• **About this exercise**
In the material below, the lines between the one holding "Terhitung sudah lebih" and the one holding "Lead the Way", inclusive, are to be set down word for word. Pictures stay out.

___ Records provided ___

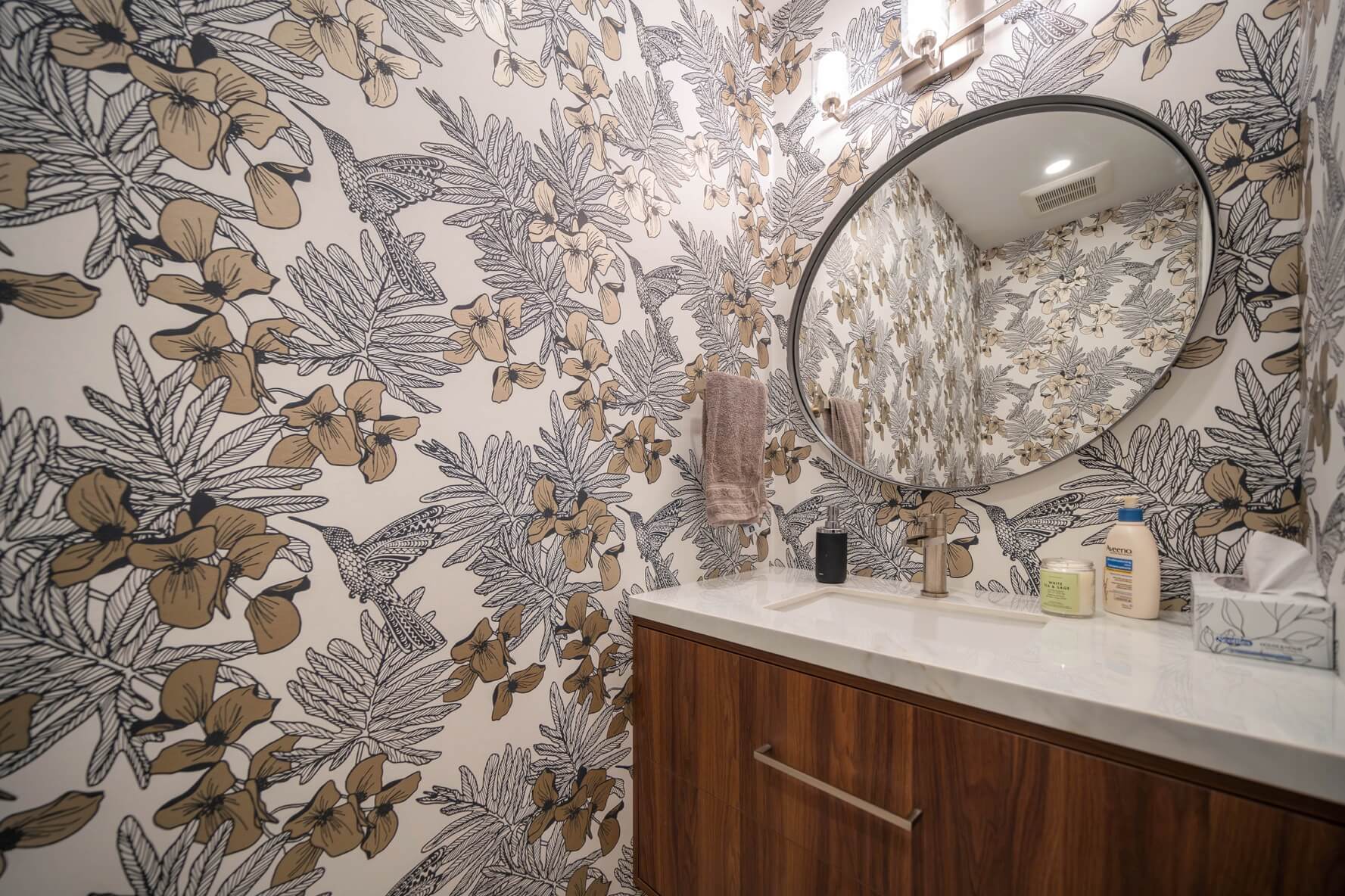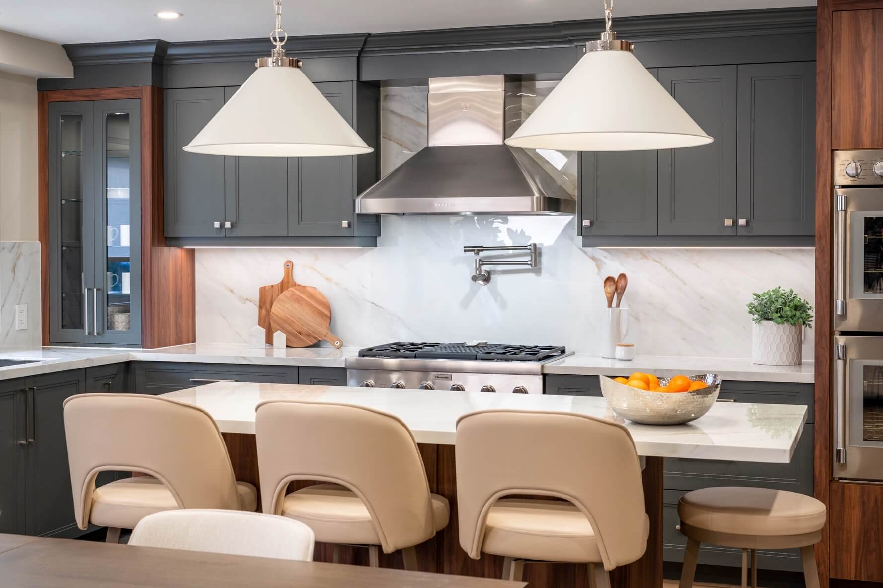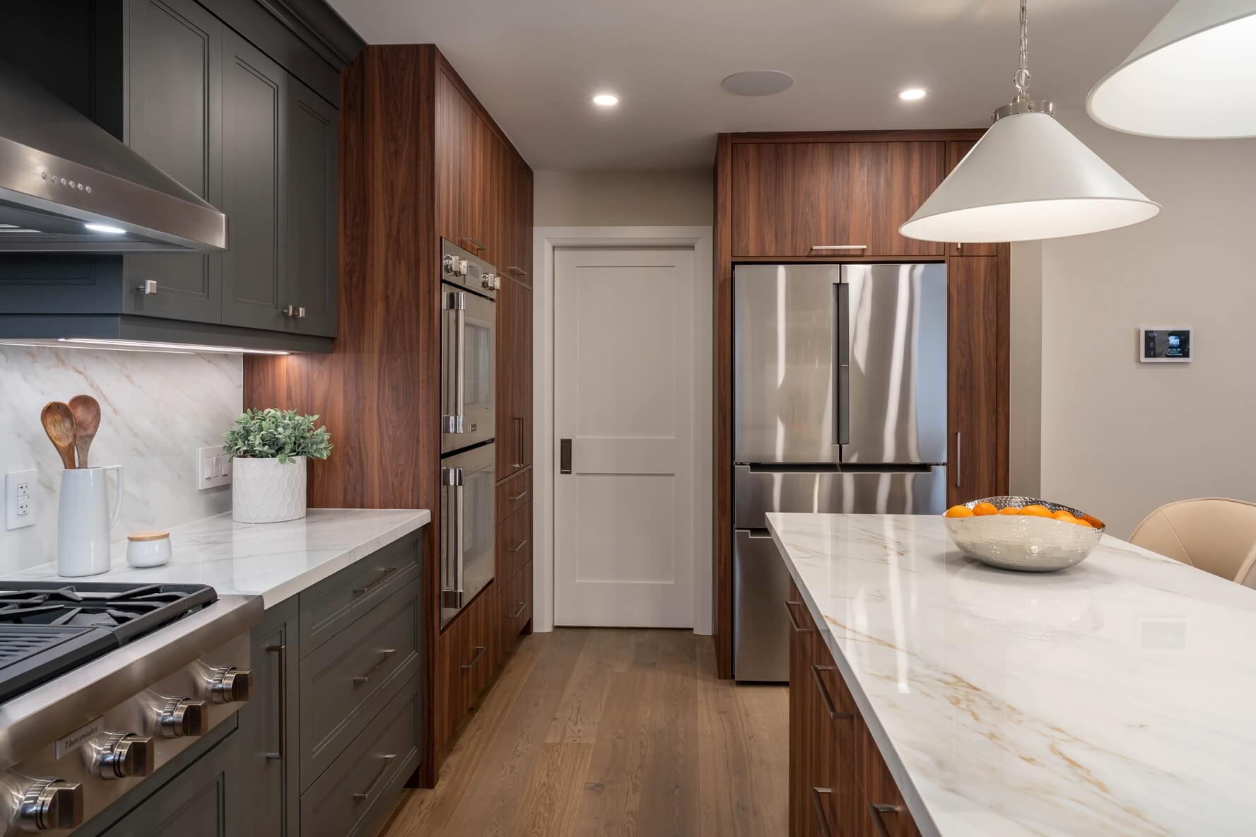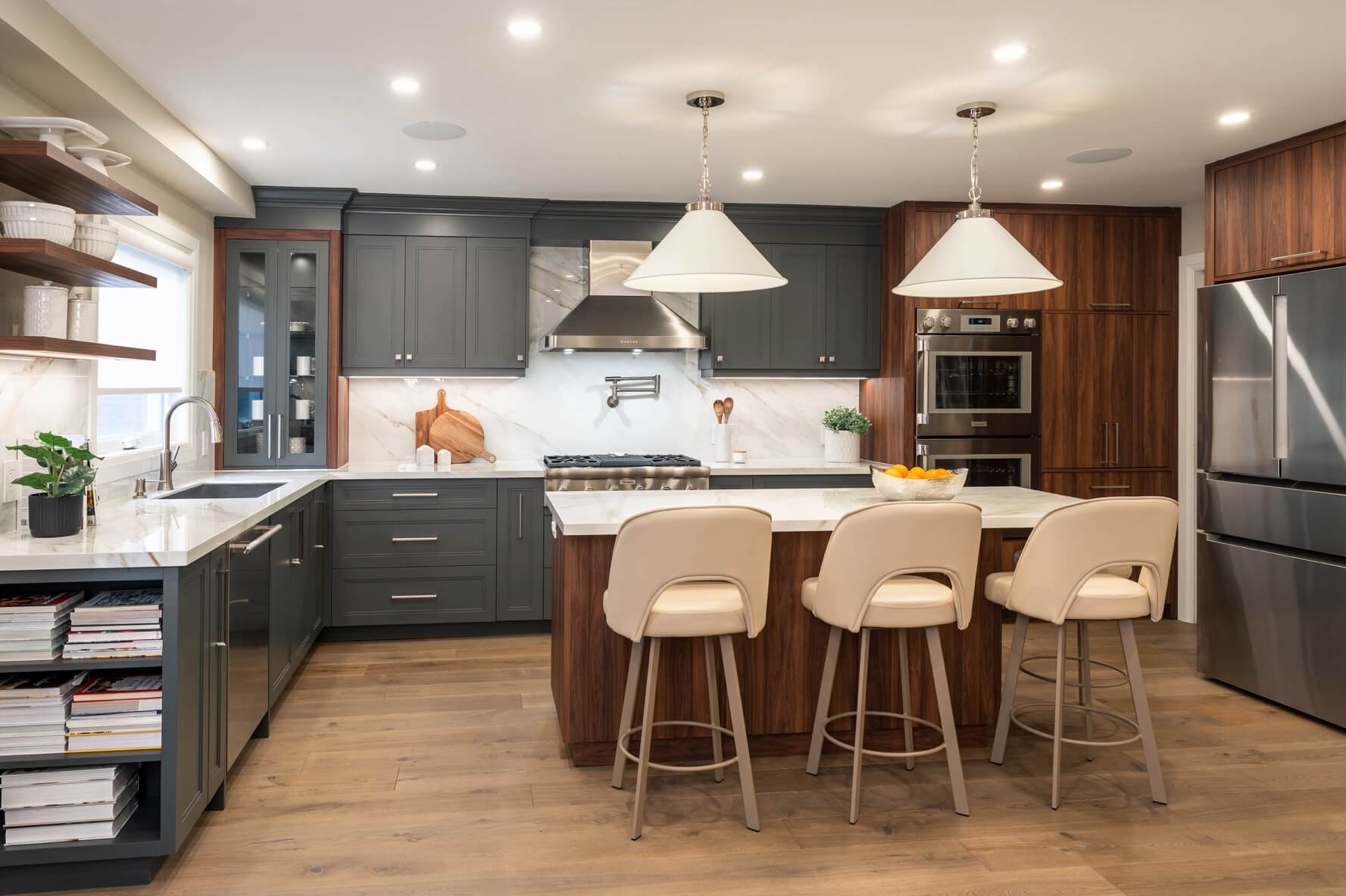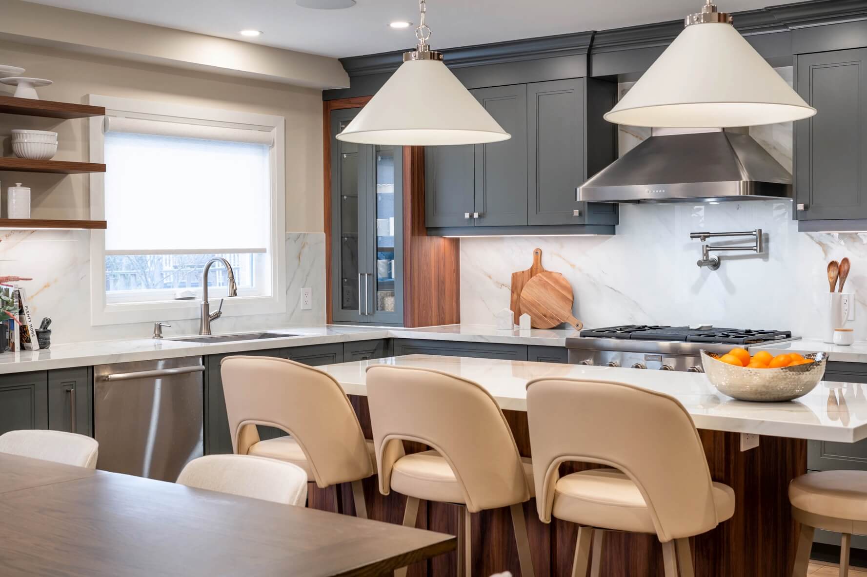 We expanded the kitchen into the original dining room to accommodate a new, spacious island and the much-needed pantry which we hid behind a pocket door next to the fridge. The colour palette throughout the space features dark gray cabinets, warm wood tones, stainless steel, and light-veined porcelain for just the right balance of casual sophistication.
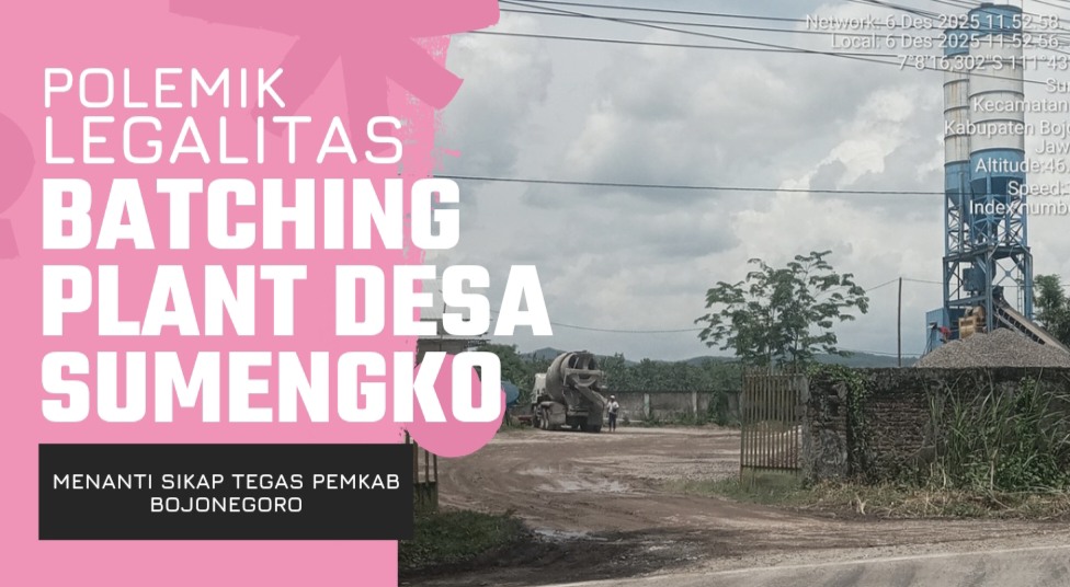 Terhitung sudah lebih dari satu bulan sejak persoalan legalitas pabrik batching plant di Desa Sumengko, Kecamatan Kalitidu mencuat ke ruang publik, namun hingga kini belum terlihat langkah nyata dari elemen Pemerintah Kabupaten Bojonegoro yang memiliki kewenangan dalam proses perizinan maupun penindakan terhadap usaha yang terindikasi melanggar regulasi.
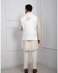 Lead the Way in Vivid Gold Work on Ivory Silk Nehru, Shimmering All the Way to Your Special Event.
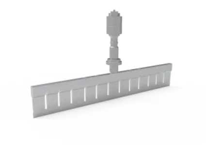 Ultrasonic cutting sonotrodes:The sonotrodes conduct the ultrasonic oscillation into the workpiece and are individually tailored to size according to the application. Shape and contour can be adapted to your requirements. The development and production is based on the finite element method (FEM), which ensures optimum ultrasonic processing of the applications. SONOTRONIC offers cutting sonotrodes with a blade length of up to 750 mm and a cutting height of up to 170 mm.
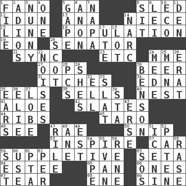 ACROSS 1. Papal veil 5. Separate the seeds from cotton 8. Downhill vehicle 12. Goddess of spring and wife of Bragi 13. Santa ___, CA 14. Sibling's daughter 15. Actor's bit 16. Census information 19. Period of immesurable duration 20. Elected representative 21. Synchronize (abbr.) 23. And so on (abbr.) 24. Madame (abbr.) 27. I made a mistake 30. Fermented drink made from hops 31. Skin irritations 34. Pulitzer Prize-winning author Ferber 35. Snakelike fish 38. Exchanges for money 40. Egg locale 41. _ vera 42. Chalkboards 44. Chest bones 45. Pacific island yam 46. Observe 47. Actress Charlotte 50. Sever or remove by pinching or nipping 53. Motivate 57. 4-wheeled motor vehicle 59. Supplying deficiencies 63. Stalk of a moss capsule 64. First name in cosmetics 65. Baking dish 66. Singles 67. Pull into pieces 68. Compass dir. 69. Trig term DOWN 1. Do some clerical work 2. Goodbye (Sp.) 3. Pet term 4. Single 5. Open wide 6. Soon (poet.) 7. California wine valley 8. Be seated 9. Luau accessory 10. Environmental prefix 11. Lair 14. Drug cop 17. Shoshoni 18. Car dealer's back yard 20. Highlander 22. Annoying sounds 24. Ancient Persian 25. Not women's 26. Part of Q.E.F. 28. Personal Computers (abbr.) 29. "______ My Girl" (Turtles hit) 30. Gillaume's butler role 32. Pipe bend 33. Narrow board 35. Hearing organs 36. Writer Wiesel 37. Ear part 39. R.R. building 43. Celtic language 47. Cause heat under the collar 48. A saturated hydrocarbon 49. Eastern Standard Time (abbr.) 51. Ancient Celtic tribe of eastern Britain 52. Eucharist need 54. Corncob 55. "Terrible" tsar 56. French philosopher Descartes 58. To erase 59. Put into a specified state 60. Purpose 61. Parent Teacher Assoc. 62. For each 63. Distress signal
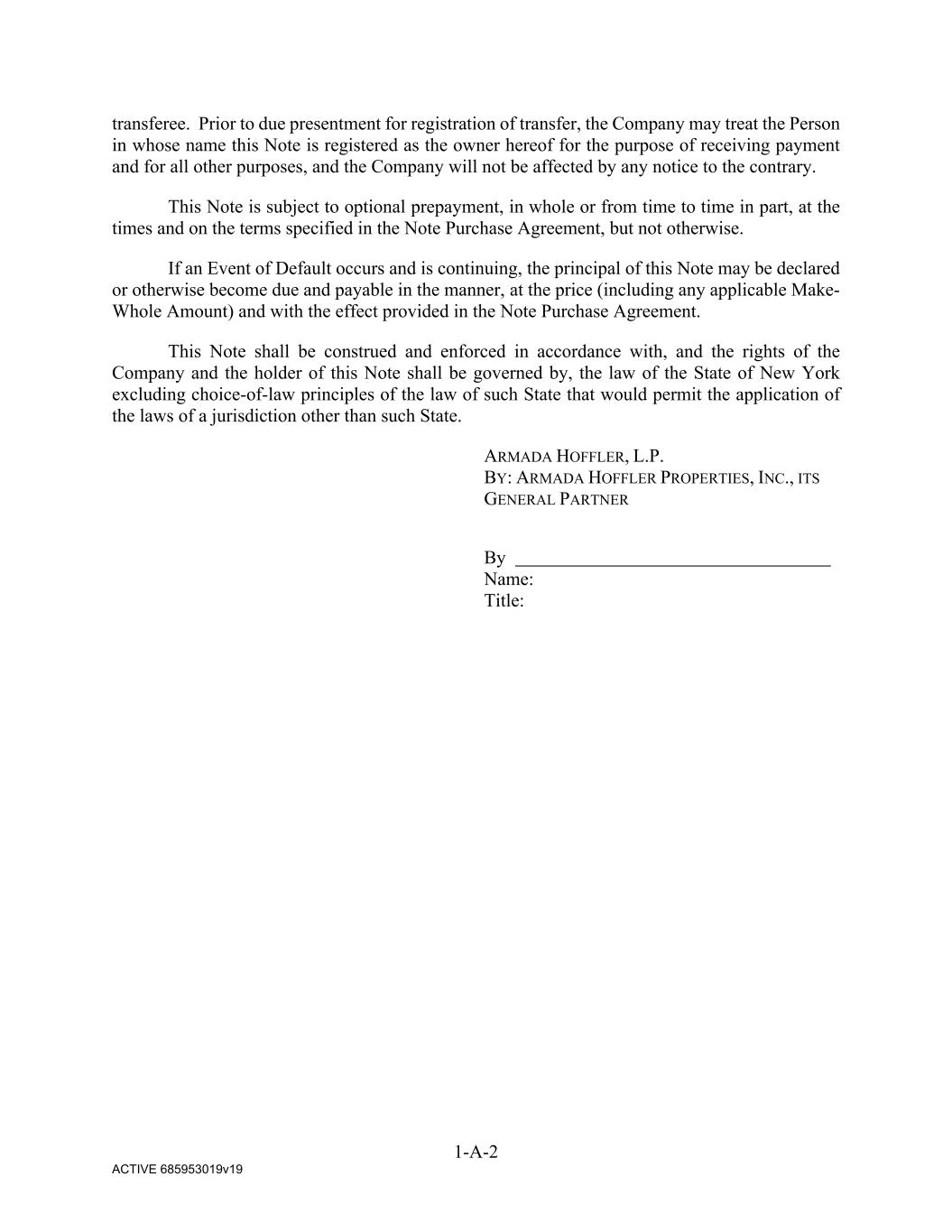 1-C-2 transferee. Prior to due presentment for registration of transfer, the Company may treat the Person in whose name this Note is registered as the owner hereof for the purpose of receiving payment and for all other purposes, and the Company will not be affected by any notice to the contrary. This Note is subject to optional prepayment, in whole or from time to time in part, at the times and on the terms specified in the Note Purchase Agreement, but not otherwise. If an Event of Default occurs and is continuing, the principal of this Note may be declared or otherwise become due and payable in the manner, at the price (including any applicable Make- Whole Amount) and with the effect provided in the Note Purchase Agreement. This Note shall be construed and enforced in accordance with, and the rights of the Company and the holder of this Note shall be governed by, the law of the State of New York excluding choice-of-law principles of the law of such State that would permit the application of the laws of a jurisdiction other than such State. ARMADA HOFFLER, L.P. BY: ARMADA HOFFLER PROPERTIES, INC., ITS GENERAL PARTNER By Name: Title:

___

• **Result below**
 Terhitung sudah lebih dari satu bulan sejak persoalan legalitas pabrik batching plant di Desa Sumengko, Kecamatan Kalitidu mencuat ke ruang publik, namun hingga kini belum terlihat langkah nyata dari elemen Pemerintah Kabupaten Bojonegoro yang memiliki kewenangan dalam proses perizinan maupun penindakan terhadap usaha yang terindikasi melanggar regulasi.
 Lead the Way in Vivid Gold Work on Ivory Silk Nehru, Shimmering All the Way to Your Special Event.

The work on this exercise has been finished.